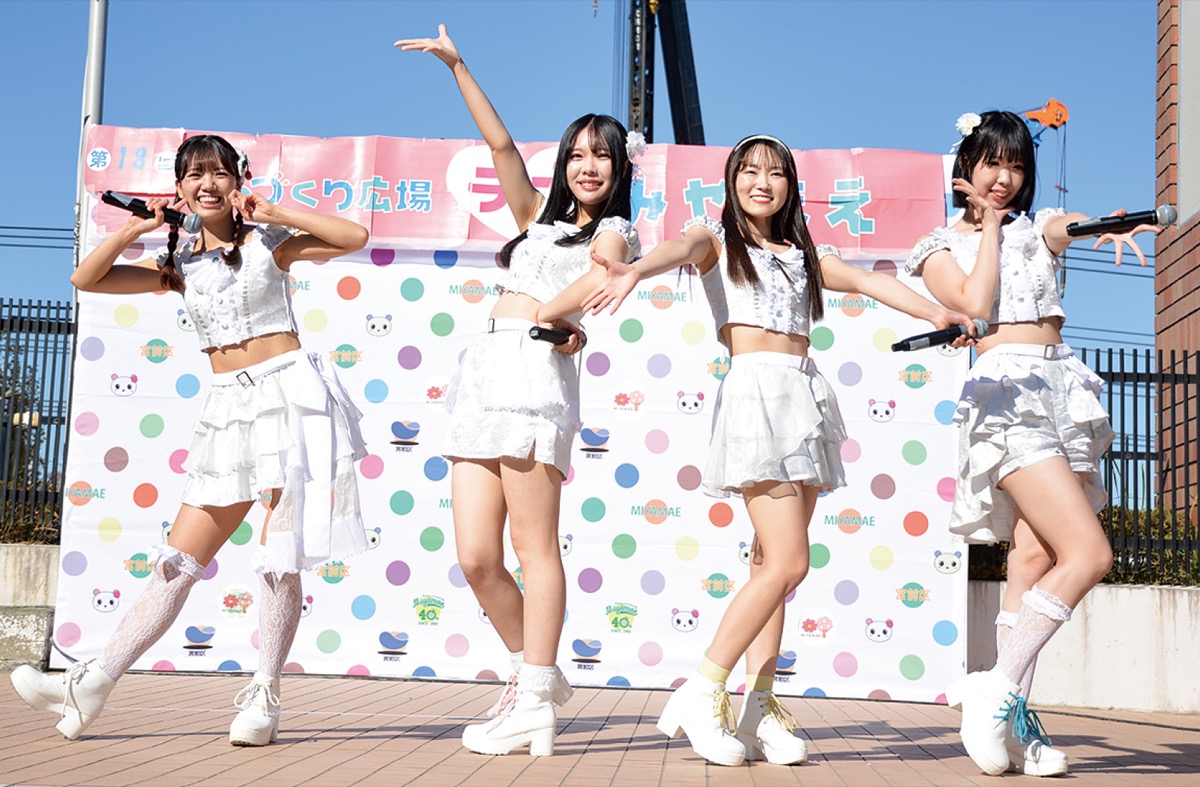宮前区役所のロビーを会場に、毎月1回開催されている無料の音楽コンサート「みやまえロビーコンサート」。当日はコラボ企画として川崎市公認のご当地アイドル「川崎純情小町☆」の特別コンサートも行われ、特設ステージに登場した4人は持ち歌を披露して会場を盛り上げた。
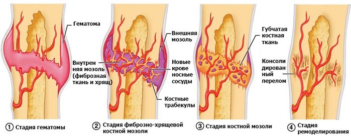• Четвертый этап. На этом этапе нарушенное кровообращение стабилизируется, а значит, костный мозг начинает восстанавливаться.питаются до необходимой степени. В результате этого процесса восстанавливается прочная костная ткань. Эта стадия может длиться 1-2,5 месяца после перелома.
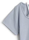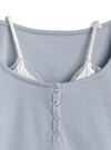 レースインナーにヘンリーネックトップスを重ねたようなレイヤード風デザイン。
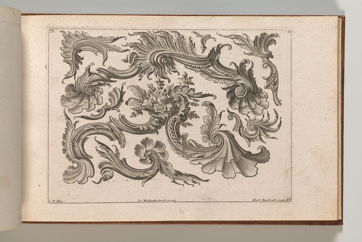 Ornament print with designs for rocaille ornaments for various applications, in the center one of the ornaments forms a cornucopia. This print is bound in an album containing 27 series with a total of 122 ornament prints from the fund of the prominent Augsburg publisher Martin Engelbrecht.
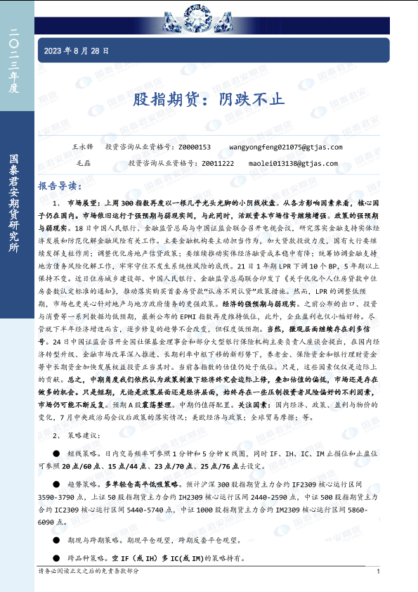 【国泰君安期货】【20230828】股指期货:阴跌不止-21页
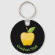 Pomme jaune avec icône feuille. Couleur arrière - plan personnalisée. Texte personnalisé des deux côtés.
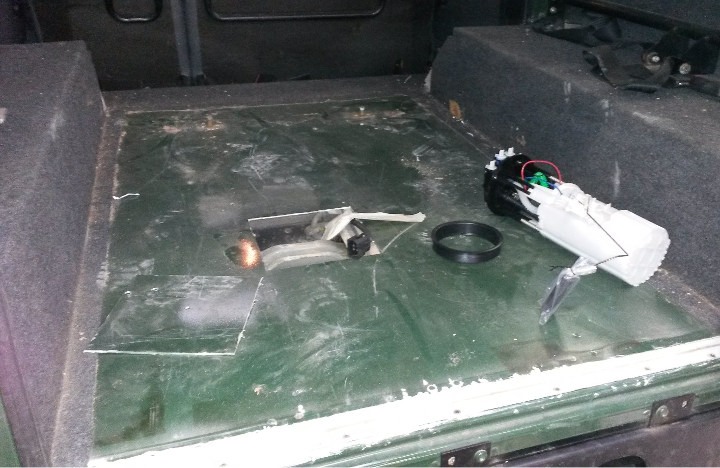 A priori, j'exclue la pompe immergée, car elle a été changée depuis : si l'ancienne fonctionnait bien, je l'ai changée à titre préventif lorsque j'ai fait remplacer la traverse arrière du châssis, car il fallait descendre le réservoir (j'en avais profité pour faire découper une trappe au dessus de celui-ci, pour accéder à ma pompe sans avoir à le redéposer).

--

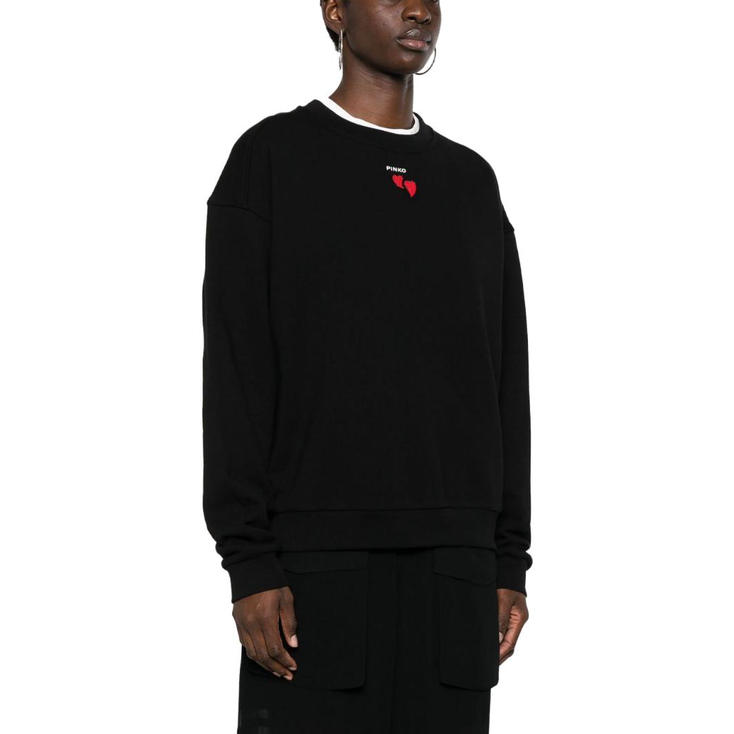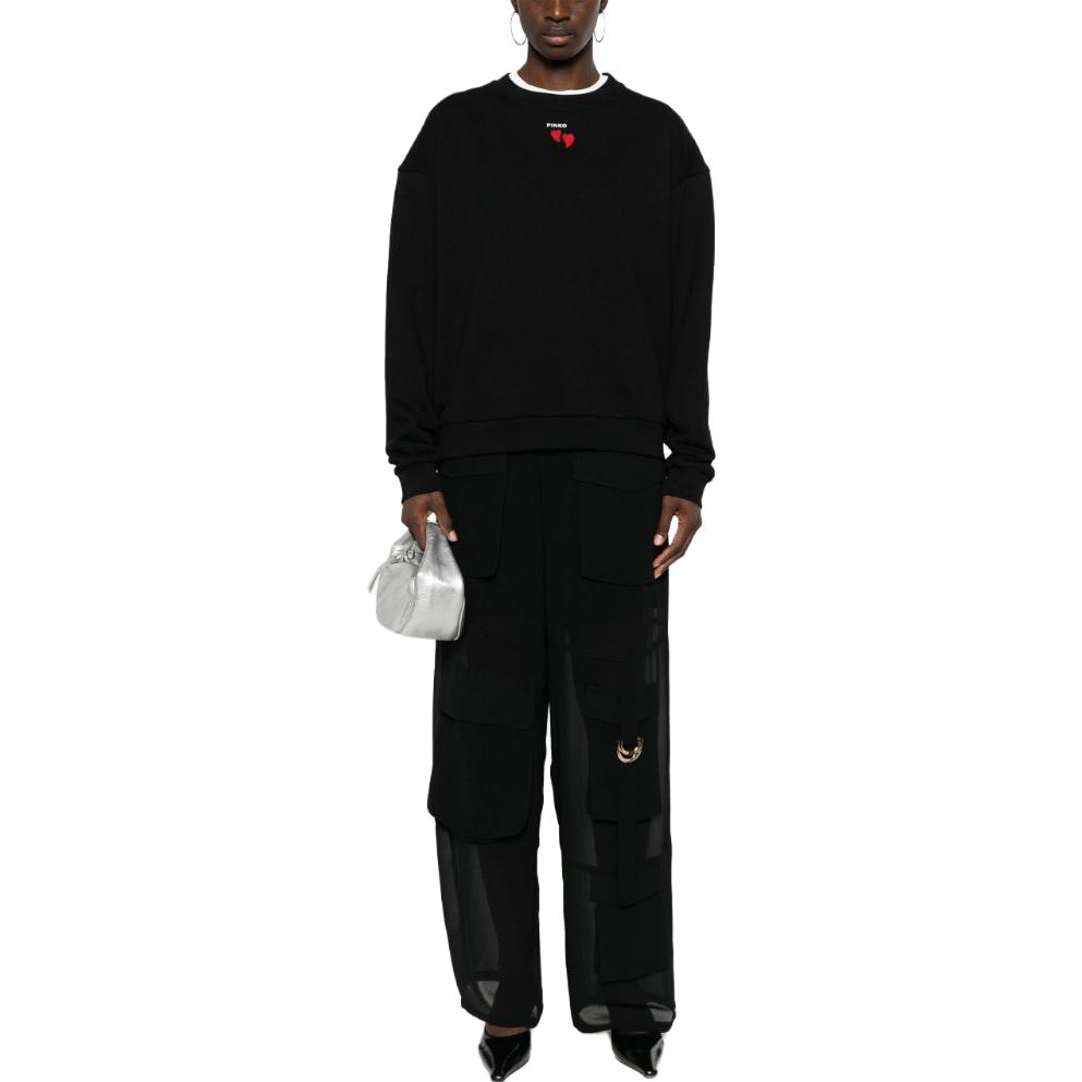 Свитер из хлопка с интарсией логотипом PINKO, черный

==

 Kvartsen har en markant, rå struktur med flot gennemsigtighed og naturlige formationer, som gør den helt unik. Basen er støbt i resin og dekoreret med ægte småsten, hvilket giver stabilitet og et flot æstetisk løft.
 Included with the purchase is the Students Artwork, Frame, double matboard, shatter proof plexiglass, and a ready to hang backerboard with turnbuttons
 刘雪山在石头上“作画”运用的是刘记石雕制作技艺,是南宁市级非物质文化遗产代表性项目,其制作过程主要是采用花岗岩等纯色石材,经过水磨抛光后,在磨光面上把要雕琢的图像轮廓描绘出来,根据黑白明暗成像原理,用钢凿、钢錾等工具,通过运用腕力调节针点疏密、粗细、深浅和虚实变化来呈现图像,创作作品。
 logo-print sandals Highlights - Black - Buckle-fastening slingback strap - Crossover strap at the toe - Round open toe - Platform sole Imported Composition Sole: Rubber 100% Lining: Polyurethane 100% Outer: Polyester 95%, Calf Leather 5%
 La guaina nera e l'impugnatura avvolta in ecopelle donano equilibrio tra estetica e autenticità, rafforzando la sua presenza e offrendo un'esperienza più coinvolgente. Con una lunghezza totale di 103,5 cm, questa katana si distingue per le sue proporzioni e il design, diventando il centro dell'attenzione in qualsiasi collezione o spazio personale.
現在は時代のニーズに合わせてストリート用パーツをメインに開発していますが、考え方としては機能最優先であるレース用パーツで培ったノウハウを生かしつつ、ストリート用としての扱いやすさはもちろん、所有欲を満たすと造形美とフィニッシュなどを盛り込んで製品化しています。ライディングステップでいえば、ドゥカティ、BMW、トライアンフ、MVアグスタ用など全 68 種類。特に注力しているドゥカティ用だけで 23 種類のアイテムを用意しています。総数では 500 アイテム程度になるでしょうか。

§ Task instructions
Give again the lines of the listing above that run from the one with "宮前区役所のロビーを会場に、" up to and including the one with "Pomme jaune avec". Keep them exact and omit the pictures.

§ Response to the task
宮前区役所のロビーを会場に、毎月1回開催されている無料の音楽コンサート「みやまえロビーコンサート」。当日はコラボ企画として川崎市公認のご当地アイドル「川崎純情小町☆」の特別コンサートも行われ、特設ステージに登場した4人は持ち歌を披露して会場を盛り上げた。
• Четвертый этап. На этом этапе нарушенное кровообращение стабилизируется, а значит, костный мозг начинает восстанавливаться.питаются до необходимой степени. В результате этого процесса восстанавливается прочная костная ткань. Эта стадия может длиться 1-2,5 месяца после перелома.
 レースインナーにヘンリーネックトップスを重ねたようなレイヤード風デザイン。
 Ornament print with designs for rocaille ornaments for various applications, in the center one of the ornaments forms a cornucopia. This print is bound in an album containing 27 series with a total of 122 ornament prints from the fund of the prominent Augsburg publisher Martin Engelbrecht.
 【国泰君安期货】【20230828】股指期货:阴跌不止-21页
 Pomme jaune avec icône feuille. Couleur arrière - plan personnalisée. Texte personnalisé des deux côtés.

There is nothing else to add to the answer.